* **TASK ITEM**
What follows is a set of records. Copy them exactly and leave out the images.

* **INPUT FOR THIS TASK**
+++

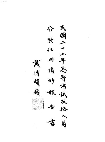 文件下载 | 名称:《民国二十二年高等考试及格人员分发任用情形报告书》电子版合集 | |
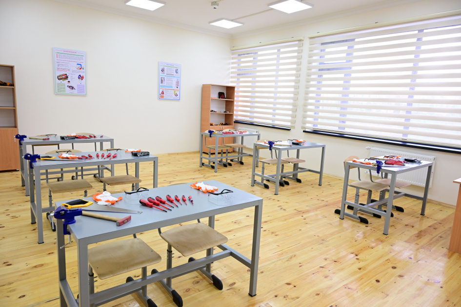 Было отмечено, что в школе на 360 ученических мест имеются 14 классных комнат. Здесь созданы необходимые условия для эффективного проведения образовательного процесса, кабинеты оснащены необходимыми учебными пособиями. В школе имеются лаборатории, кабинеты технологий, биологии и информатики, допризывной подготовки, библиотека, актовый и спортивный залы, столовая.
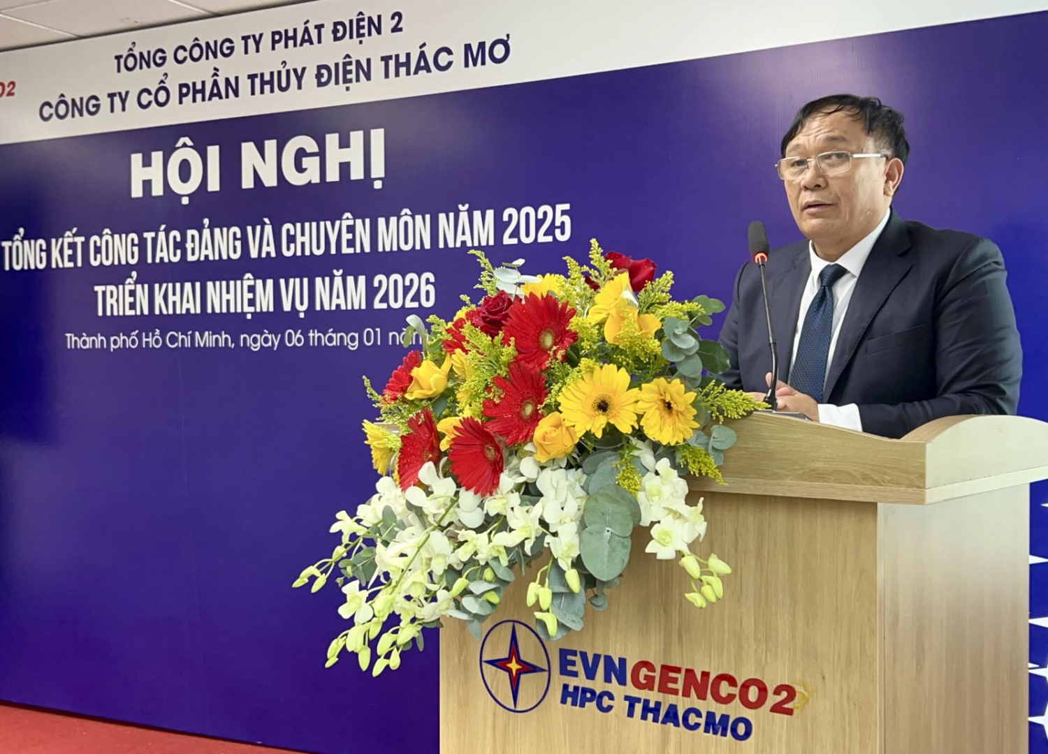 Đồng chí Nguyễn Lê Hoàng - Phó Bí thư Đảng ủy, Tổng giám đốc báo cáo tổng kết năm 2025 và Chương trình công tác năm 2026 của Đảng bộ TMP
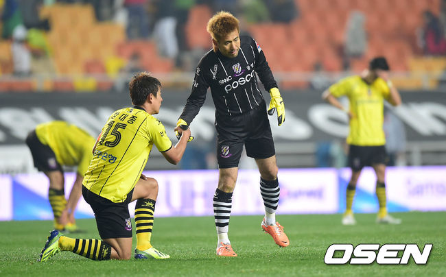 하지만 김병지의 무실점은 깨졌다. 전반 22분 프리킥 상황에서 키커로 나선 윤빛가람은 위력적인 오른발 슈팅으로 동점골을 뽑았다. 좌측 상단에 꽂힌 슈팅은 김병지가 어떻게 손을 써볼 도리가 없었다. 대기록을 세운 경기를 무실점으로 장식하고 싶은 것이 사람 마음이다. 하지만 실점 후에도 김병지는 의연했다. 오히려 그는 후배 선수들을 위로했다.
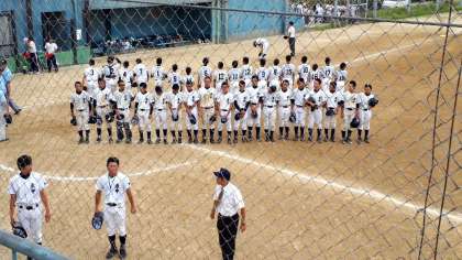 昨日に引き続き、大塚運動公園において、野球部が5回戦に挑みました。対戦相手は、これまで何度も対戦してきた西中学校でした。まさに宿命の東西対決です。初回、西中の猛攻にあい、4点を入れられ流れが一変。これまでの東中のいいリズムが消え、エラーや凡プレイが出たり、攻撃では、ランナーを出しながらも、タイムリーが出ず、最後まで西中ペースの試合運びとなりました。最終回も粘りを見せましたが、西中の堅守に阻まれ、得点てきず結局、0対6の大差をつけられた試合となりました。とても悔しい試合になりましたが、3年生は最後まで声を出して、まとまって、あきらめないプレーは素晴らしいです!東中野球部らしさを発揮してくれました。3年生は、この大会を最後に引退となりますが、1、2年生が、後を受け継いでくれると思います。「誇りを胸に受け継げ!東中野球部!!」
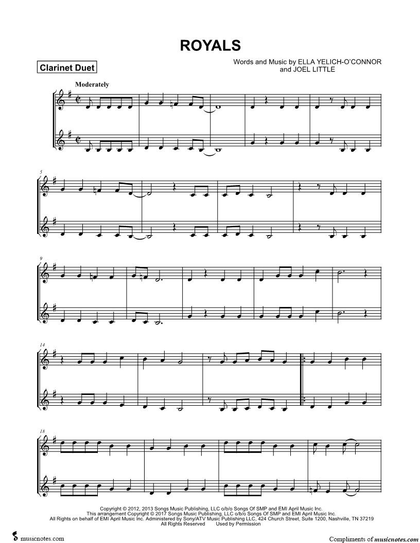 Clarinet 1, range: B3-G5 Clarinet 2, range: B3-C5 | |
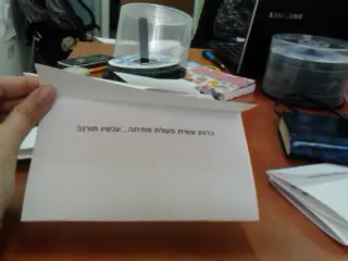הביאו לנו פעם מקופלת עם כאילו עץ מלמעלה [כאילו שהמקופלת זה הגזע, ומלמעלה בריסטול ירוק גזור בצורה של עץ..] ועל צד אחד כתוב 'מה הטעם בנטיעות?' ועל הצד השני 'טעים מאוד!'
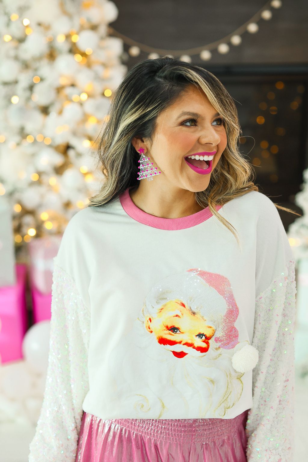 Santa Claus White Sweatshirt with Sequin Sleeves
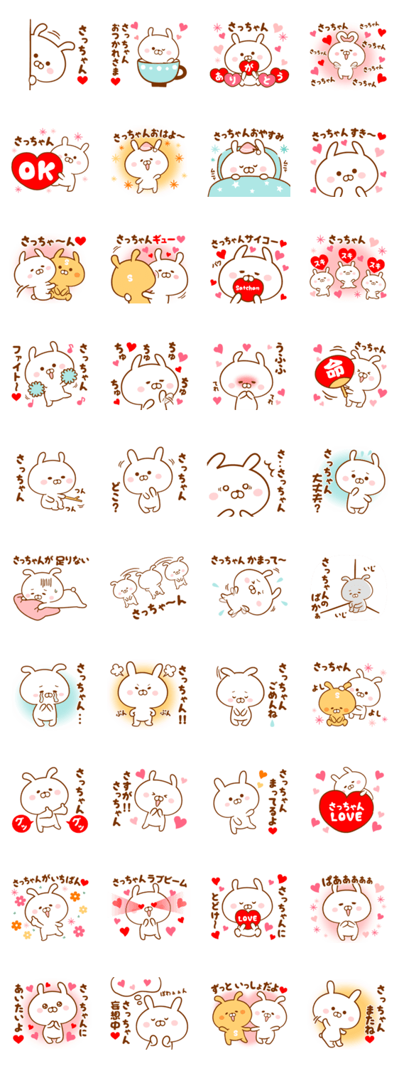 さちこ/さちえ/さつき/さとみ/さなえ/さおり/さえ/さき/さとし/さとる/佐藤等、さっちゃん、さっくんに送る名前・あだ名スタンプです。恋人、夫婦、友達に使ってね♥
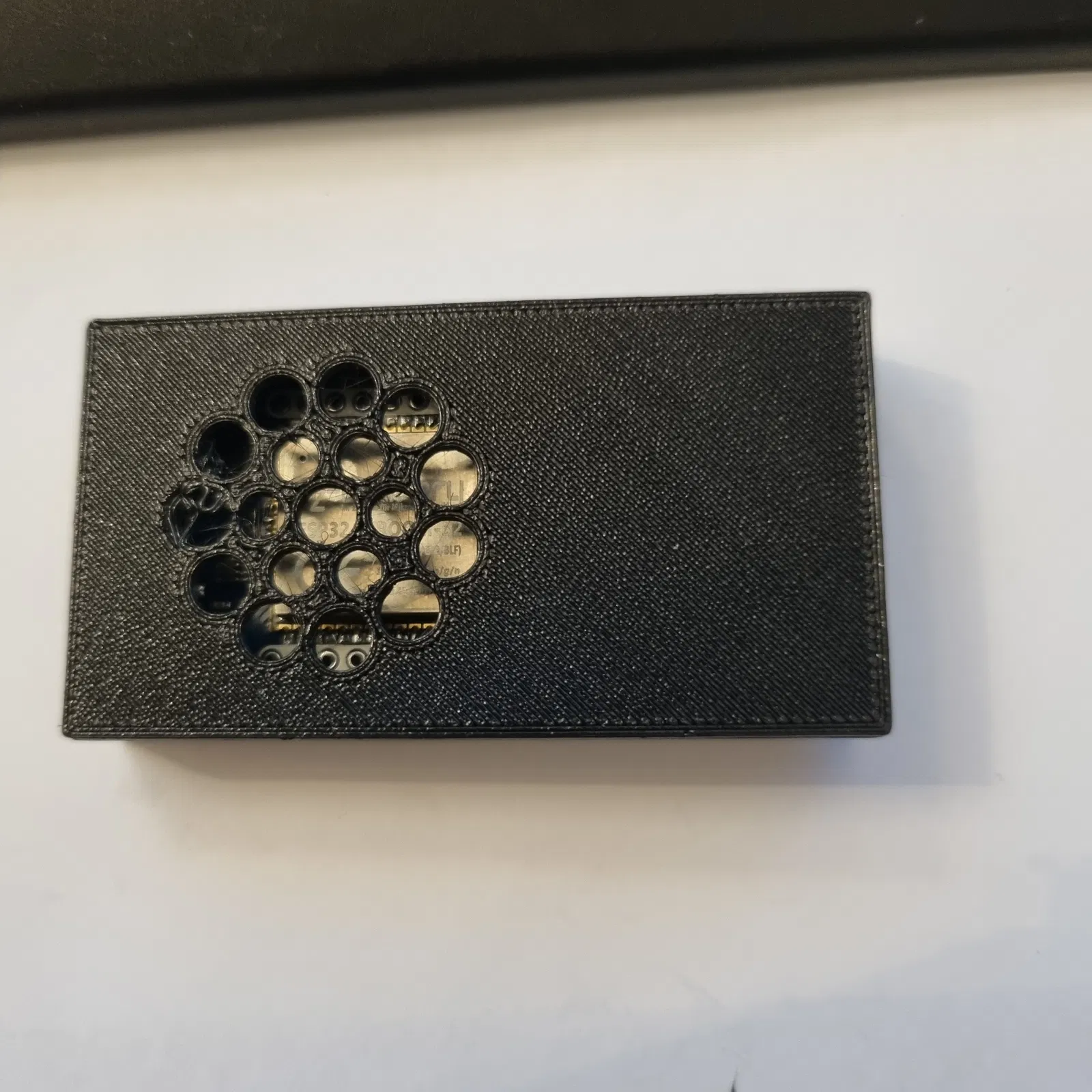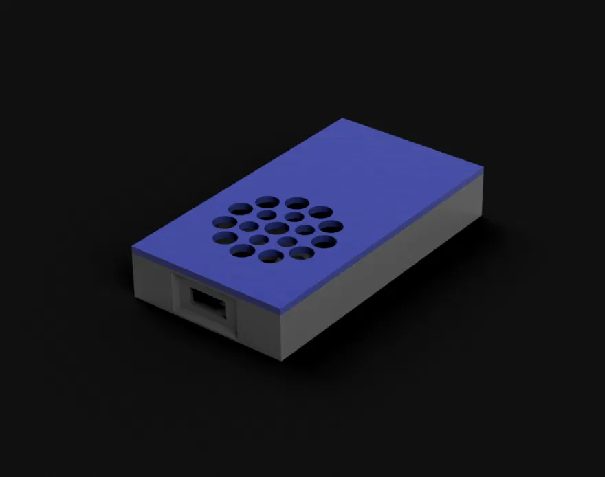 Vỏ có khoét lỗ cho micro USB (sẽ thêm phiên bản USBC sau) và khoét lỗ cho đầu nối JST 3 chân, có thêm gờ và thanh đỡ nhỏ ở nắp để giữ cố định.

+++

* **RESULT OF THIS TASK**
 文件下载 | 名称:《民国二十二年高等考试及格人员分发任用情形报告书》电子版合集 | |
 Было отмечено, что в школе на 360 ученических мест имеются 14 классных комнат. Здесь созданы необходимые условия для эффективного проведения образовательного процесса, кабинеты оснащены необходимыми учебными пособиями. В школе имеются лаборатории, кабинеты технологий, биологии и информатики, допризывной подготовки, библиотека, актовый и спортивный залы, столовая.
 Đồng chí Nguyễn Lê Hoàng - Phó Bí thư Đảng ủy, Tổng giám đốc báo cáo tổng kết năm 2025 và Chương trình công tác năm 2026 của Đảng bộ TMP
 하지만 김병지의 무실점은 깨졌다. 전반 22분 프리킥 상황에서 키커로 나선 윤빛가람은 위력적인 오른발 슈팅으로 동점골을 뽑았다. 좌측 상단에 꽂힌 슈팅은 김병지가 어떻게 손을 써볼 도리가 없었다. 대기록을 세운 경기를 무실점으로 장식하고 싶은 것이 사람 마음이다. 하지만 실점 후에도 김병지는 의연했다. 오히려 그는 후배 선수들을 위로했다.
 昨日に引き続き、大塚運動公園において、野球部が5回戦に挑みました。対戦相手は、これまで何度も対戦してきた西中学校でした。まさに宿命の東西対決です。初回、西中の猛攻にあい、4点を入れられ流れが一変。これまでの東中のいいリズムが消え、エラーや凡プレイが出たり、攻撃では、ランナーを出しながらも、タイムリーが出ず、最後まで西中ペースの試合運びとなりました。最終回も粘りを見せましたが、西中の堅守に阻まれ、得点てきず結局、0対6の大差をつけられた試合となりました。とても悔しい試合になりましたが、3年生は最後まで声を出して、まとまって、あきらめないプレーは素晴らしいです!東中野球部らしさを発揮してくれました。3年生は、この大会を最後に引退となりますが、1、2年生が、後を受け継いでくれると思います。「誇りを胸に受け継げ!東中野球部!!」
 Clarinet 1, range: B3-G5 Clarinet 2, range: B3-C5 | |
הביאו לנו פעם מקופלת עם כאילו עץ מלמעלה [כאילו שהמקופלת זה הגזע, ומלמעלה בריסטול ירוק גזור בצורה של עץ..] ועל צד אחד כתוב 'מה הטעם בנטיעות?' ועל הצד השני 'טעים מאוד!'
 Santa Claus White Sweatshirt with Sequin Sleeves
 さちこ/さちえ/さつき/さとみ/さなえ/さおり/さえ/さき/さとし/さとる/佐藤等、さっちゃん、さっくんに送る名前・あだ名スタンプです。恋人、夫婦、友達に使ってね♥
 Vỏ có khoét lỗ cho micro USB (sẽ thêm phiên bản USBC sau) và khoét lỗ cho đầu nối JST 3 chân, có thêm gờ và thanh đỡ nhỏ ở nắp để giữ cố định.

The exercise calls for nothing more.